Mogliśmy wreszcie popracować
Sebastian Świderski na falach Park FM
- Do każdego meczu podchodzimy tak samo i naszych rywali nie dzielimy na lepszych i gorszych - mówi Sebastian Świderski, który podkreśla, że ewentualna zmiana na pozycji lidera tabeli na tym etapie rozgrywek nie jest najważniejsza. - Jeśli liderem zostanie Delecta, a tak może sie zdarzyć, to trzeba pamiętać, że mecz z nimi jeszcze jest przed nami, a mamy z nimi pewne porachunki z pierwszej rundy, bo właśnie w Bydgoszczy ponieśliśmy pierwszą porażkę, a teraz mecz gramy na własnym terenie.

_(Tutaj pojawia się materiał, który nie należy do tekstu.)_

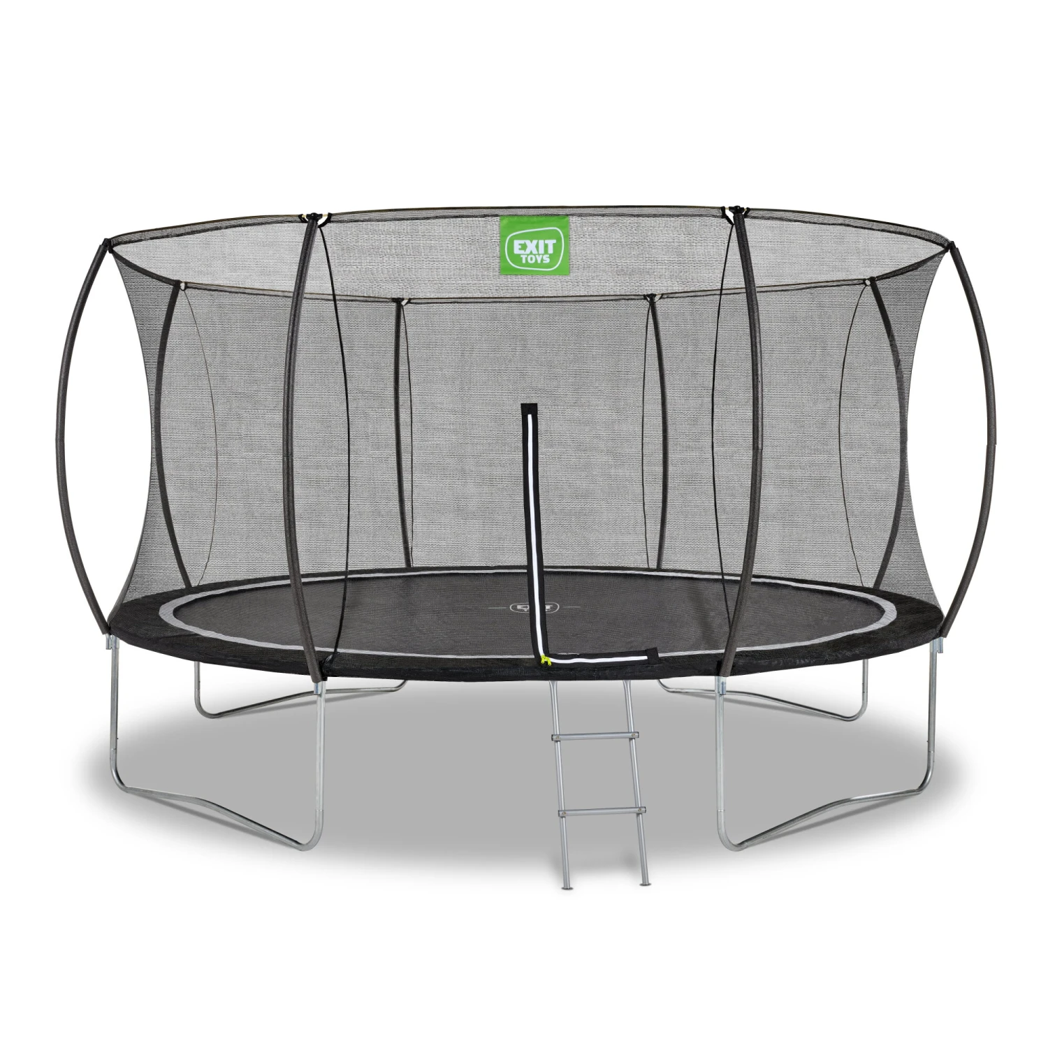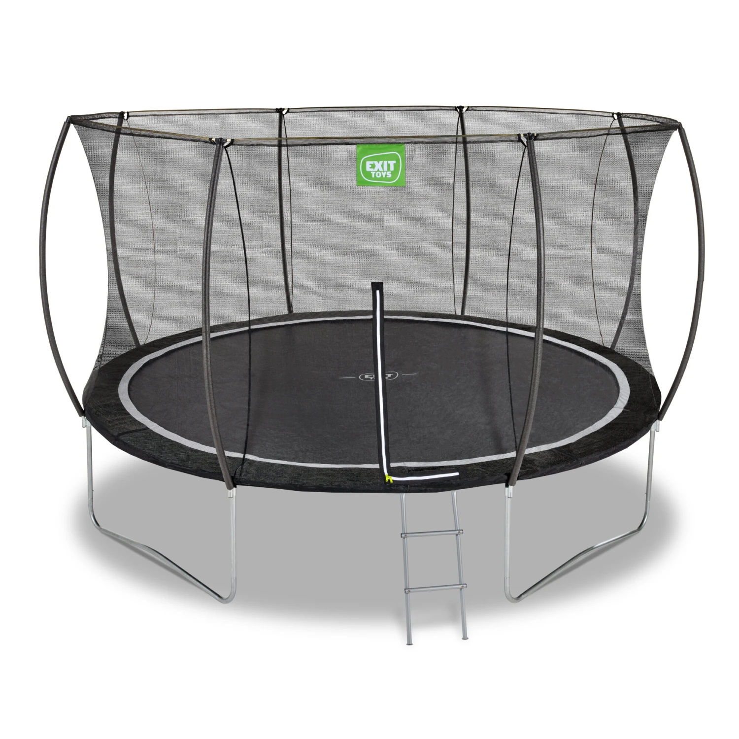 De EXIT Black Edition trampoline is een ronde trampoline met een matzwarte beschermrand. De trampoline heeft een veiligheidsnet met gebogen staanders, zodat het net altijd strakgespannen staat en kinderen er niet in kunnen blijven hangen. Ook heeft het veiligheidsnet een opvallende ritssluiting, zodat je direct kunt zien of de rits goed is gesloten. Een trampolineladder wordt bij deze trampoline op poten standaard meegeleverd waardoor de trampoline eenvoudig te betreden is. De EXIT Black Edition staat door de strakke vormgeving prachtig in elke tuin en is budgetvriendelijk geprijsd.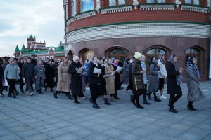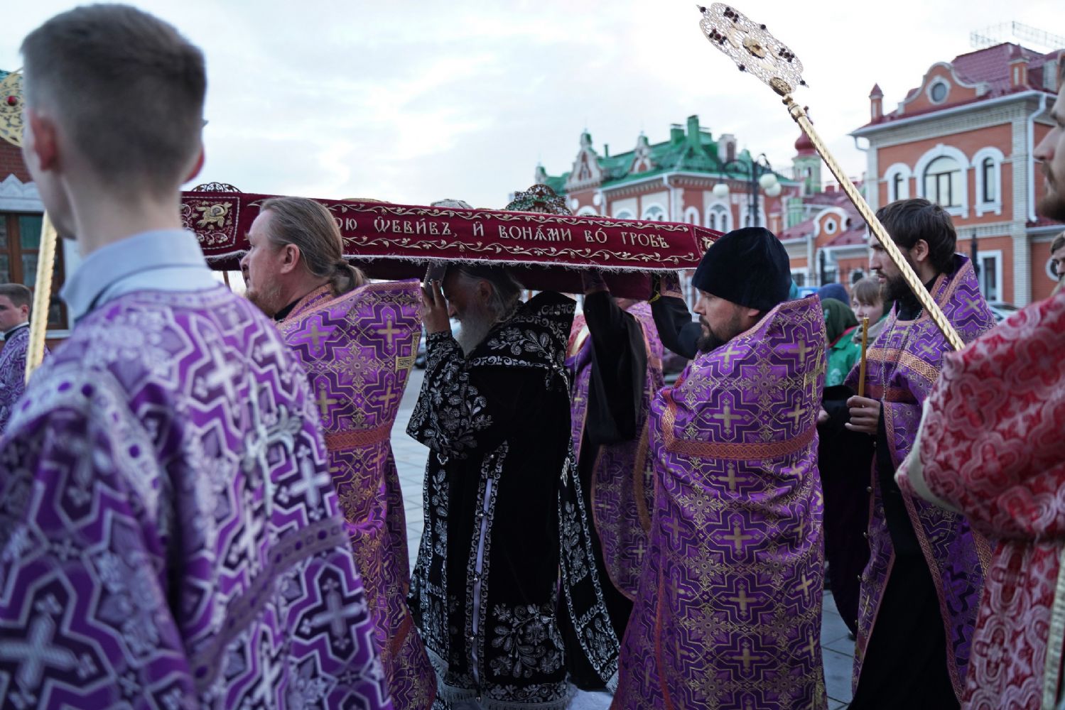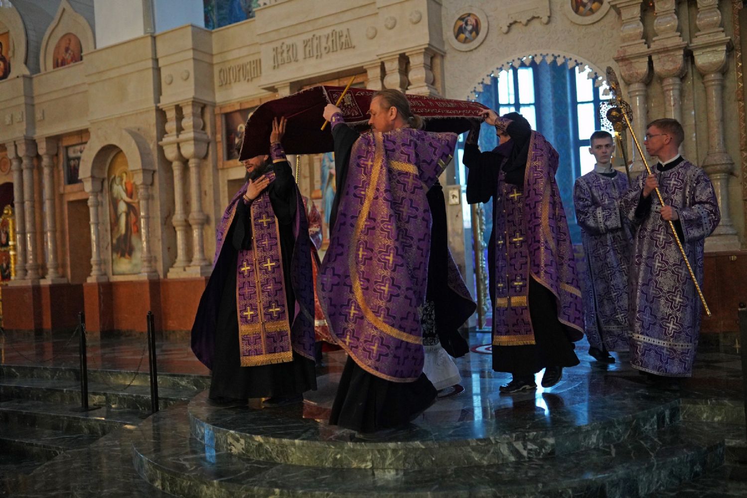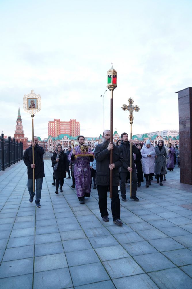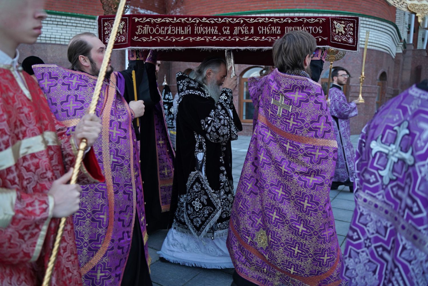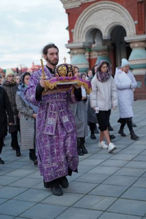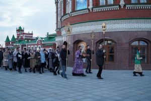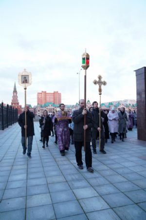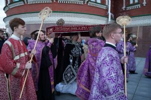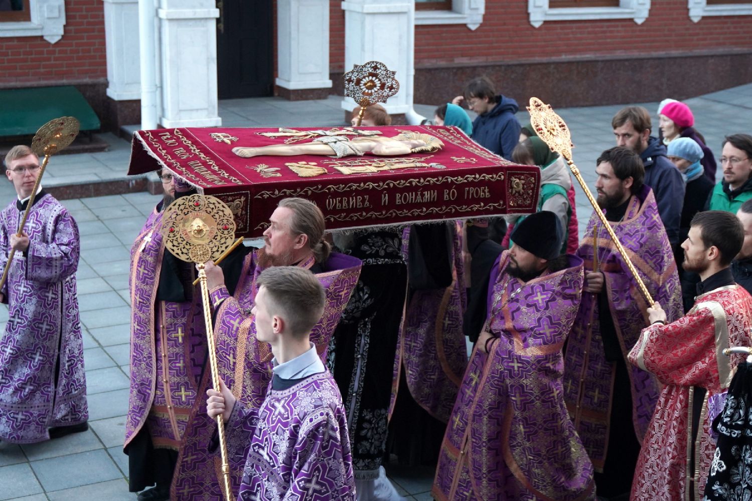 После канона и великого славословия при пении «Святый Боже» и погребальном перезвоне колоколов Плащаница крестным ходом была обнесена вокруг храма в воспоминание погребения Христова, сошествия Его во ад и победы над смертью.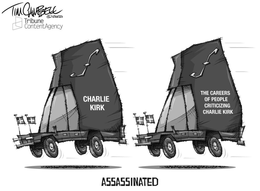 Some of those people were probably just repeating the words Kirk said. Maybe I’ll be next to have to pay the cost of holding someone responsible for their own words. Editorial cartoon by Tim Campbell.
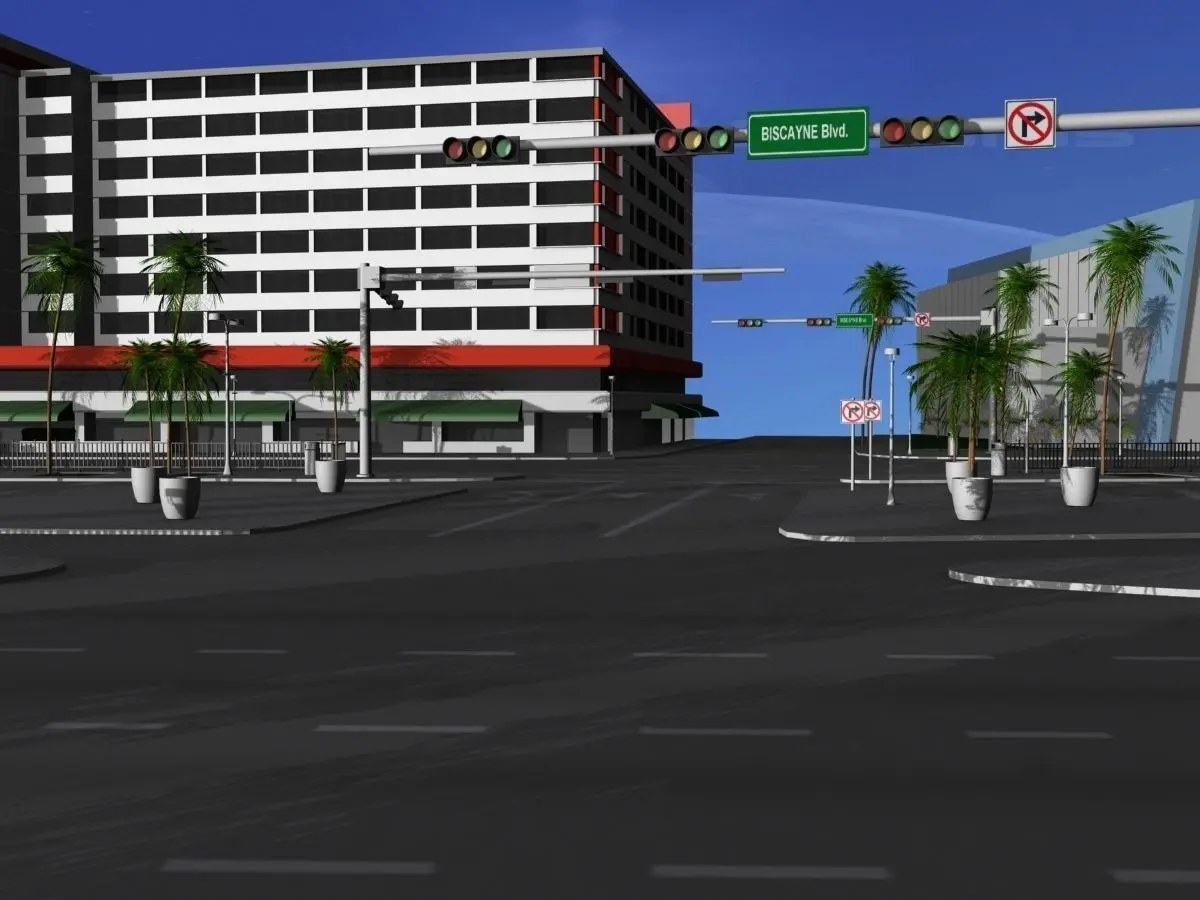This model was built to reflect current conditions at that intersection and give a realistic environment for architectural projects at that location. The model includes a near scale representation of the streets, Biscayne Blvd. and NE 4rth Street., the area on the east side and west side of Biscayne Blvd, with a park, a restaurant, a parking garage, sidewalks, trees and bushes, signage. Street lights, traffic signals, trash receptacles, aluminum fences, center of the Blvd Parking areas, and accurate building fronts are shown in as much detail as was available. No trademarks or corporate signage is included. The model has several buildings, streets, sidewalks, ground, and many other structures and objects fully textured.
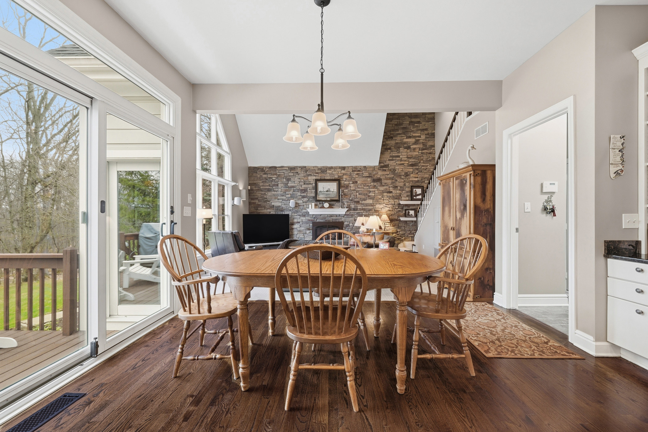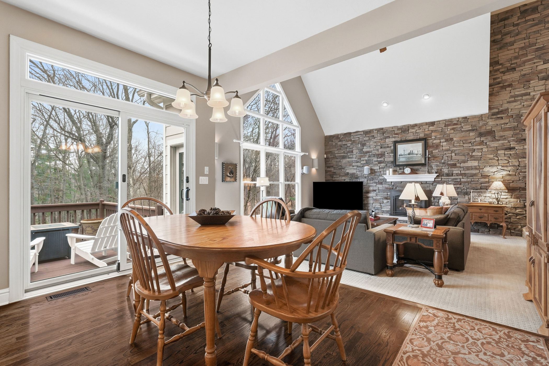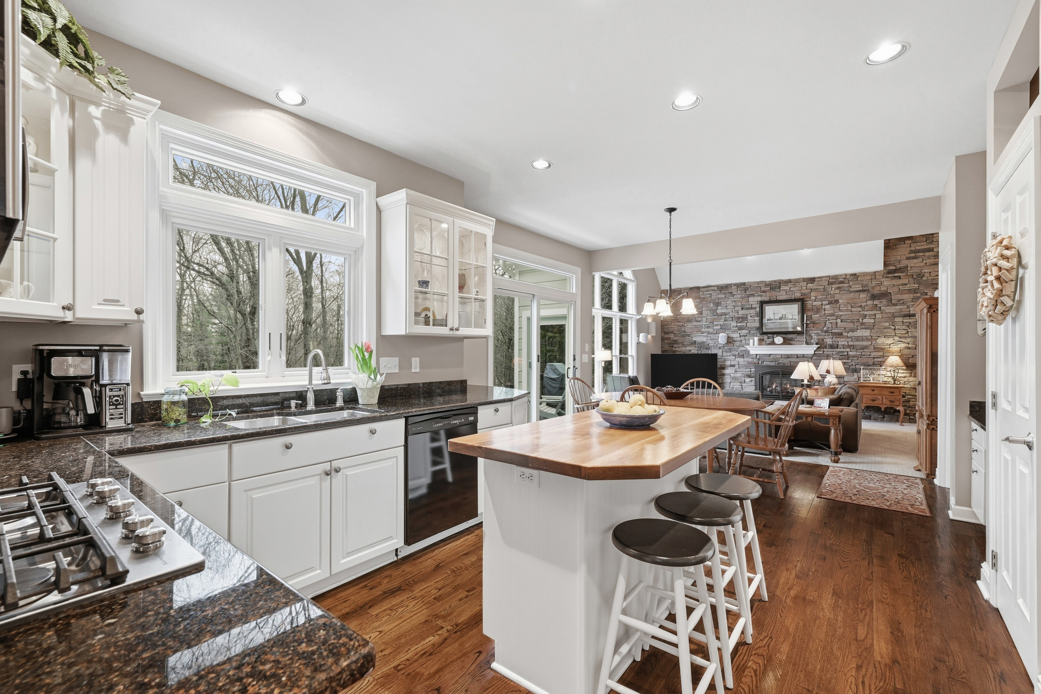 There are neighborhoods, and then there is Oakhaven.Tucked into the quiet streets of Pine Township in Wexford, this 92-home community has earned a reputation as one of the most coveted addresses in the Pine-Richland School District. Not just for its location, but for the way people actually live here. Neighbors walk over to each other's houses for dinner. A beloved Halloween parade winds through the neighborhood to the park, led by the Wexford Fire Truck. Adults gather for the 12 Toasts, a beloved progressive happy hour that winds through the neighborhood each December. This is a place where people put down roots and stay.This home sits beautifully within that community, and it was built to stand apart from it.Constructed by JJ Herbert and Sons, one of only a few homes they built in Oakhaven, the attention to detail is evident from the moment you arrive. A striking stacked stone wall grounds the family room with an earthy, one-of-a-kind character. Walls of Anderson e-glass windows, replaced and updated with stunning clarity and exceptional energy efficiency, frame a continuous wooded backdrop from nearly every room. You don't see another house on either side. Just trees, birds, the occasional turkey or deer wandering through.From the screened-in porch, that connection to nature becomes a way of life. From April through October, this is where coffee is poured in the morning, where meals are shared, where evenings slow down. When the weather turns, fireplaces on every level take over, bringing the same sense of warmth and coziness that makes this home feel like a true sanctuary. Sunsets from the front porch close out the day in the best possible way.The home is as functional as it is beautiful. The fully finished basement offers living space and serious storage, including a room originally designed as a photography darkroom, already plumbed for water and a natural candidate for a kitchenette. A whole-house vacuum system makes everyday living effortless. A whole-house humidifier keeps the air comfortable all winter long.And when you do want to venture out, everything is within easy reach. Walk to Oxford Athletic Club and Giant Eagle Market District. Stroll to The Oven for pizza and live entertainment or Cafe Conmigo for a quiet cup of coffee. Hike North Park in every season. Reach downtown Pittsburgh quickly via I-79.This is the home Oakhaven buyers wait for.

Do meczu ze Skrą ZAKSA przygotowuje się więc jak do każdego spotkania, z tym że od dłuższego czasu zespół mógł więcej potrenować, bo nie grał spotkania w środku tygodnia. - Ostatnie tygodnie były bardzo męczące, więc teraz mogliśmy się skupić nie na podróżach tylko na pracy, przede wszystkim nad indywidualną techniką i na przygotowaniach do tego konkretnego meczu. Na parkiecie jutro na pewno nie zobaczymy Pawła Zagumnego, który ma jeszcze problemy z palcem i przez tydzień albo dwa będzie pauzował. Co do Mineiro, to na razie trudno powiedzieć, czy będzie na meczu, bo to kwestia chociażby punktualności linii lotniczych, ale mamy nadzieję, że jutro się pojawi. Na pewno nie zagra, ale już od dwóch tygodni trenuje według cyklu rozpisanego przez trenera Castellaniego, a po przylocie zobaczymy, w jakiej jest formie. Na pewno będzie nam potrzebny jak każdy zdrowy zawodnik.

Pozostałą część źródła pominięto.